Michael Pollan's is a brilliant interpreter of farm policy. He should have significant input in your administration. He should perhaps be nominated for Secretary of Agriculture.

Thomas Friedman should be read carefully. He could provide input into determining the resources need to create the paradigm shift necessary to cure the underlying problems of our environment.

America’s coal resource is abundant and cheap. America’s energy companies would love to expand coal burning plants. Beware of the promise of clean coal burning plants. Dirty coal burning plants result in environmental pollution with soot, sulfur dioxide, mercury and nitrous oxides. The carbon dioxide footprint is currently not required to be measured. The Environmental Protection Agency does not have a CO2 emission restriction policy in place. Without counting the harmful long term effects of CO2 emissions on climate change, coal burning plants presently result in the chronic disease complications of asthma and chronic obstructive lung disease. These diseases result in a one hundred billion dollar a year cost to the healthcare system. These diseases and their complications can be reduced by at least 50% with an effective clean air policy.
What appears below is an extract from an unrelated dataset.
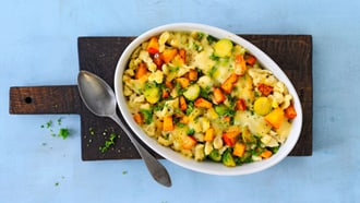 2. Heat the butter in a large skillet and sauté the spätzli with the onion, squash, and Brussels sprouts for about 5 minutes. Season with nutmeg, salt, and pepper.

My review letter to you is longer than I anticipated. You have very hard decisions to make but if your intent is to be transformational these decisions will be necessary.

The reformatting of the payment system for physicians is not going to accomplish anything but dispirit the medical profession and diminish the effectiveness of a necessary workforce. Physicians are not the villain. I will review who the real villain/villains are.

The opinions expressed in the blog “Repairing The Healthcare System” are, mine and mine alone.